Water experts in the Gem State seem to agree that the drought last summer and the light snowpack we received last winter didn’t put us that far behind; however, what the remainder of this winter and coming summer bring is a different story.
Lyle Swank, eastern regional manager and watermaster for the Idaho Department of Water Resources, says that the good thing about 2012 was the amount of reservoir carryover Idaho had from 2011.
“The reservoirs are built for both irrigation and flood control. On a year like 2012, they really, really help to save people who were depending upon that late-season storage,” he says.
However, following a winter of light snowpack was a hot, dry summer with high demand for water.
“You get a hot, dry year, and suddenly you don’t just have average demand—you’ve got above-average demand,” Swank says.
Still, the reservoirs were a saving grace, although he points out that if there weren’t reservoirs, it’s possible that growers wouldn’t have planted as many acres.
Mike Beus, water operations manager for the Upper Snake Field Office at the Bureau of Reclamation in Burley, says we didn’t receive a severely low snowpack last winter—run-off was somewhere in the 80 percent range.
“What really caused the big drain on our water supply, especially the storage, was the early warm weather and continued dry [spell] through the spring and summer, resulting [in a] very long season,” he says.
Beus points out that there are a couple twists to the statistics. This year, the 30-year climate period is shifting up a decade, changing what we consider as “normal.”
Compared with the 1971–2000 averages being used through last year, we were 81 1/2 percent of normal. When compared to the updated 30-year time period of 1981–2010, last year was 89 percent of normal.

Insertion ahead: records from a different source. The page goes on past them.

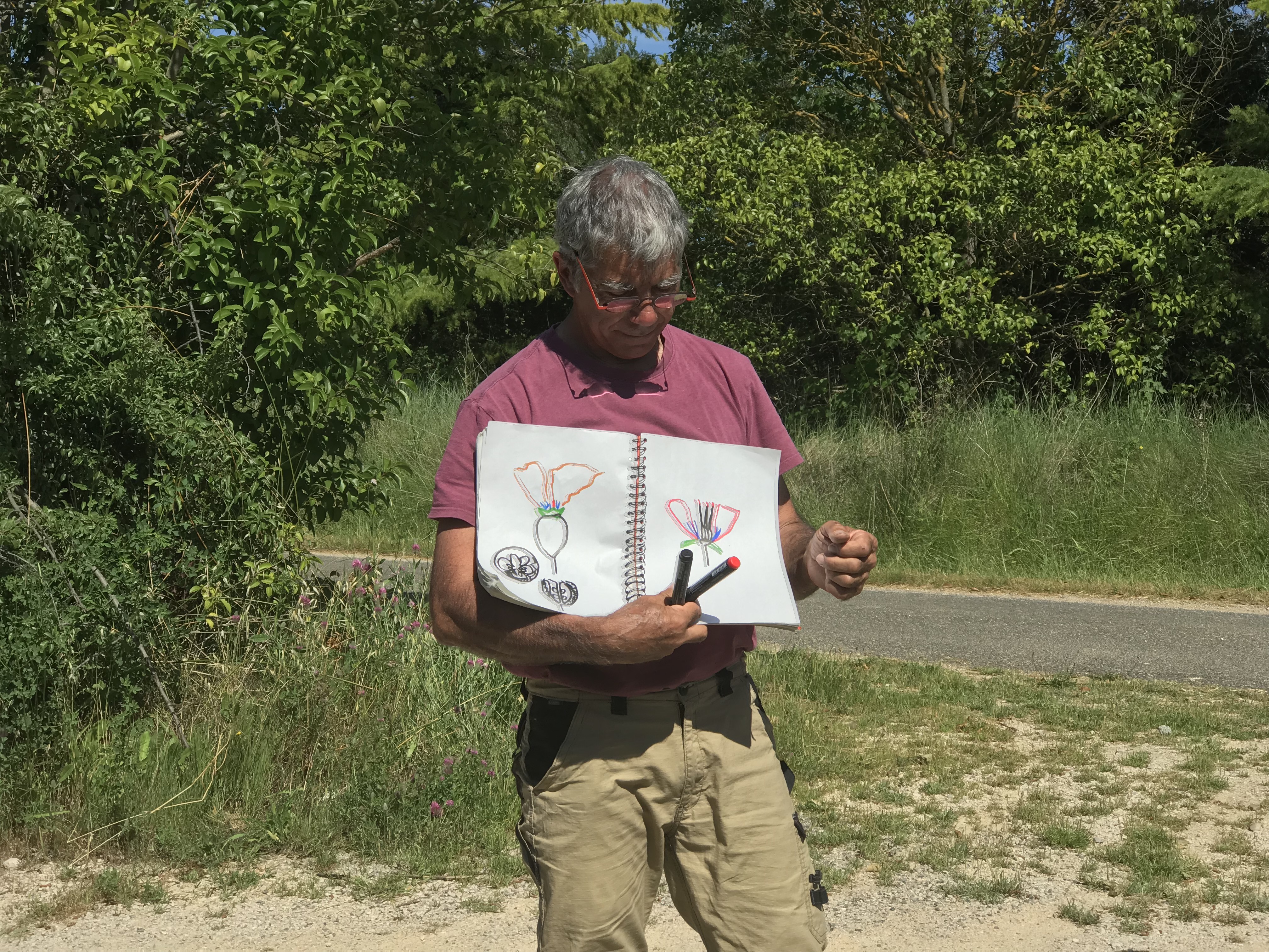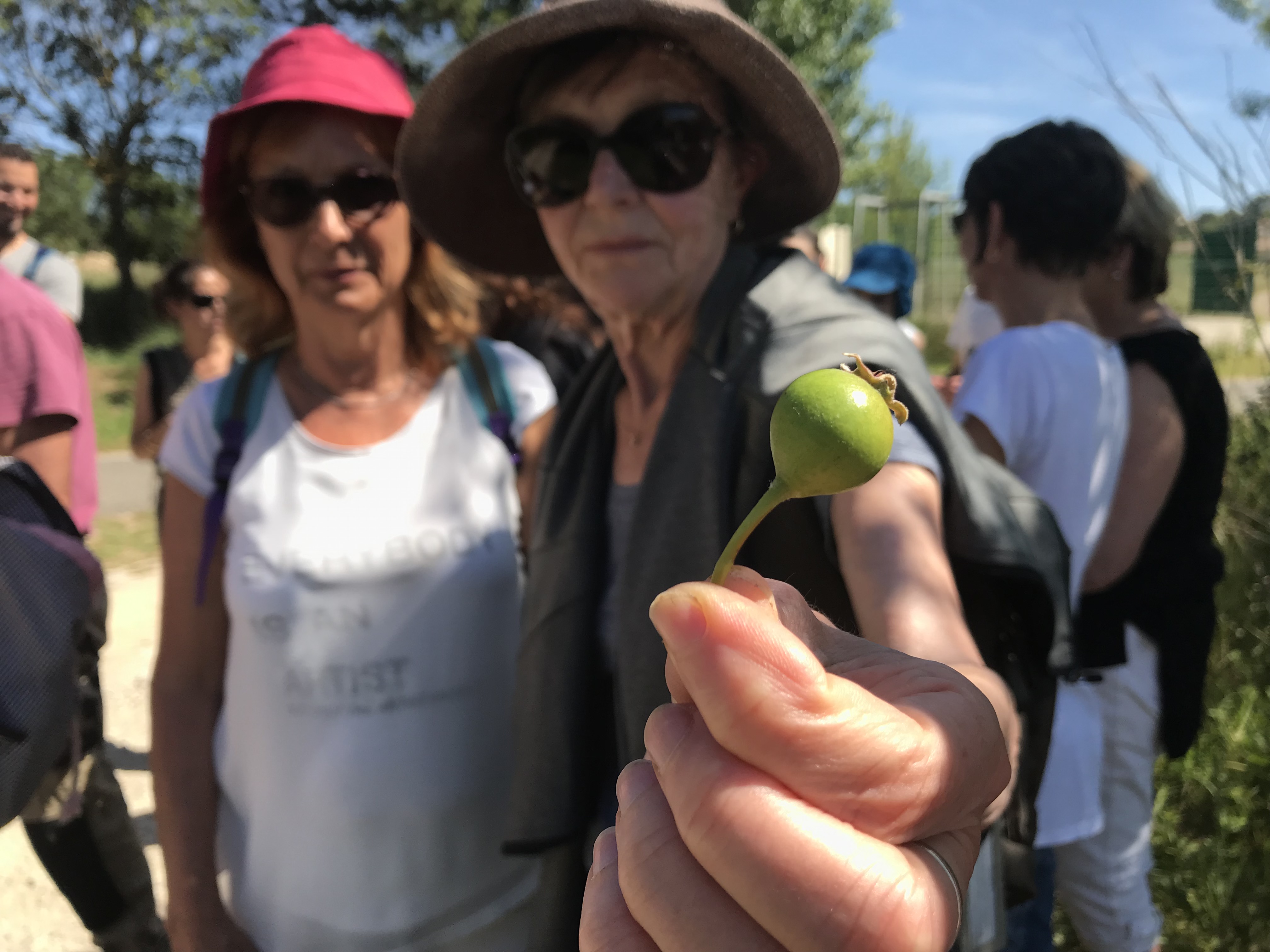 Le soleil est de la partie. L’ombre est rare. Un premier arrêt à la sortie du parking permet à Yves de rafraîchir les mémoires sur le système de la fleur qui regroupe les organes mâles et femelles qui donneront naissance au fruit : les sépales ou le calice, les pétales forment la corolle. C’est ce que l’on voit de loin, ce qui est attractif pour les yeux et pour les insectes. Les pièces périanthaires masquent les organes de reproduction. Nous allons nous intéresser au gynécée, la partie femelle de la fleur (formée par les carpelles).
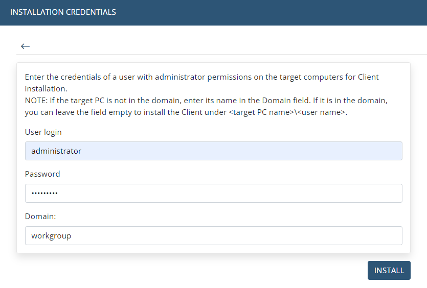 Uwaga: Jeśli pozostawisz pole Domena puste, wprowadzone dane zostaną użyte jako dane lokalnego użytkownika komputera docelowego, a agent zostanie zainstalowany pod kontem <nazwa komputera>\<nazwa użytkownika>.
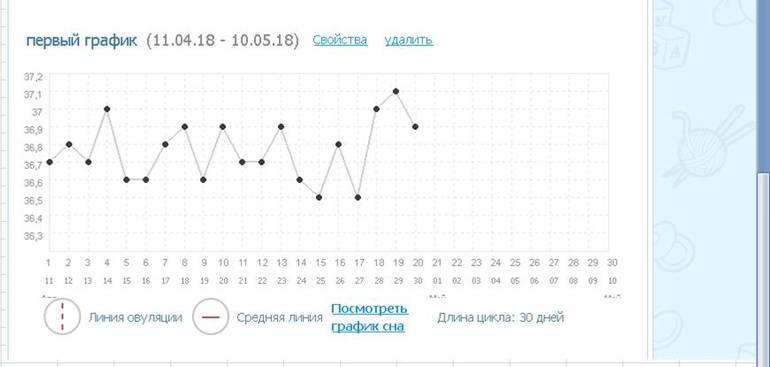 Мой график базальной t°, цикл от 6 апреля 2018 ЯБ и овуляция.
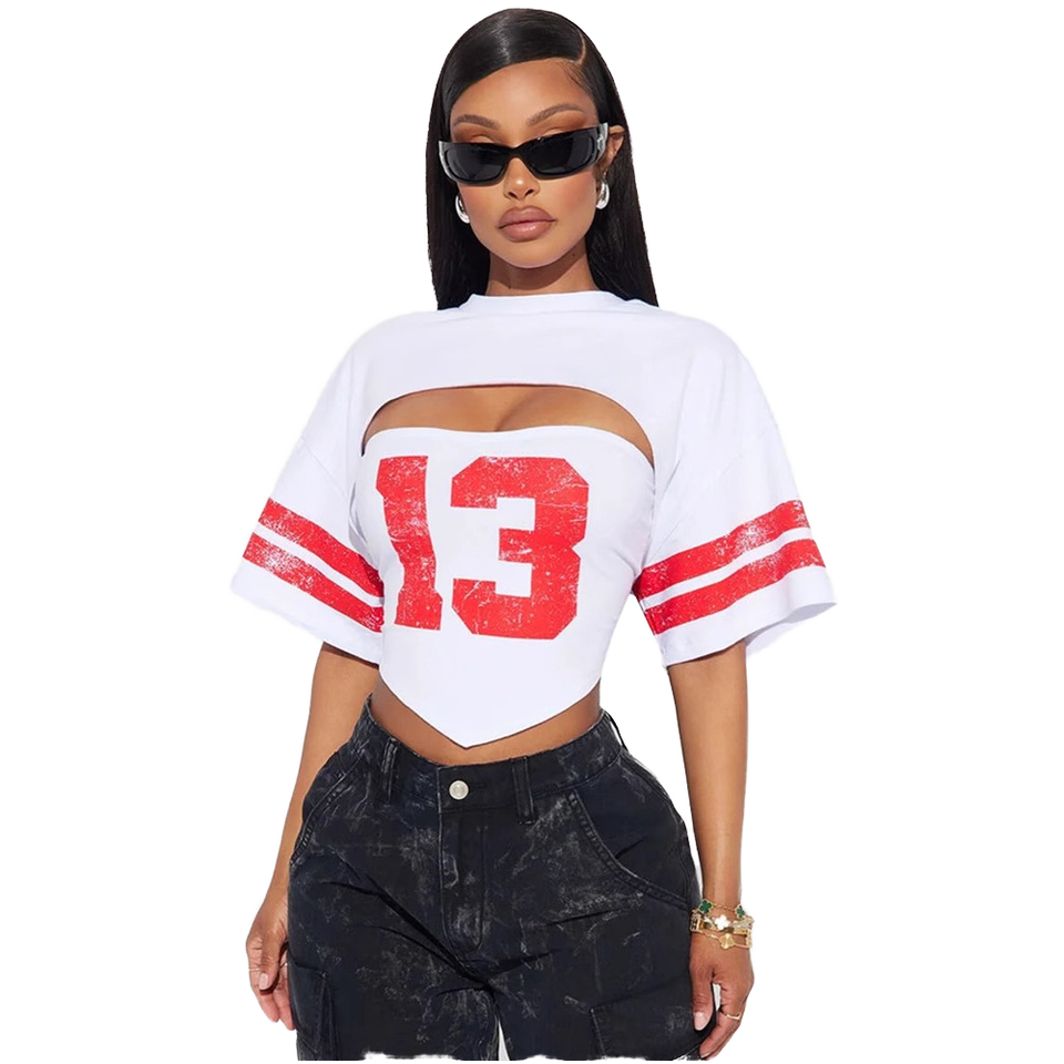 เสื้อยืดแขนสั้นระบายอากาศได้ดีพิมพ์ลายตัวอักษรเสื้อเอวลอยแนววินเทจสำหรับผู้หญิงใส่เล่นกีฬาลำลองเสื้อพิมพ์ลายกราฟิก

In general, it wasn’t a bad year; however, storage has been depleted much more than would usually be depleted in a single dry year.
“That doesn’t set us up well for this year,” Beus says.
Swank says that if we have a repeat this winter of the same snowpack as last winter, we’re not going to be able to fill the reservoirs, “unless we get an awful lot of rain or have a real good spring as far as precipitation.”
He’s hopeful because precipitation in the spring can make a difference, like in the year 2009.
“You can go from almost certain you’re not going to fill, to suddenly filling after the spring.”
During late fall 2012, they’ve been storing as much water as they can—operating the reservoir system for near-optimum fill through the end of winter—but it will still be challenging.
“It’s going to be a lot more difficult to fill Palisades Reservoir, and Jackson Lake Reservoir is also lower this year than it was a year ago,” he says.
Beus agrees this upcoming season could be challenging.
“If we get 89 percent, the same volume of water we had last year and have a low reservoir system coming in, there are some crops that won’t get water as early next year as they did this year.”
Beus says that consecutive 80-percent years are not too difficult in and of themselves—until we continue to increase the marketing demands on the water supply, such as the federal regulations through the Endangered Species Act for anadromous fish—fish such as salmon and steelhead, which are born in fresh water, spend most of their lives in the sea and return to fresh water to spawn.
Beus says they’ll be watching the snow accumulation carefully.
“It would be very nice if we had a 110–120 percent snowpack, and could transition to a flood operation in February. Bigger than that gives us a whole polar opposite set of problems to deal with,” he says.
Swanks says that there are studies currently under way in the Gem State for additional water storage. They’re looking at not only rebuilding a dam at the Teton Dam site, but also a few small, off-site locations that would add a nominal amount of water storage, as well as raising a nearly century-old dam near Ashton, Idaho.
One positive Swank sees is that the winter going into 2013 started with a little bit of snow in the high elevations, though there’s still a long way to go.
As of mid-November, the Upper Snake River system—consisting of Jackson Lake, Palisades, Grassy Lake, Island Park, Ririe, American Falls and Lake Walcott Reservoirs—were at 33 percent of capacity.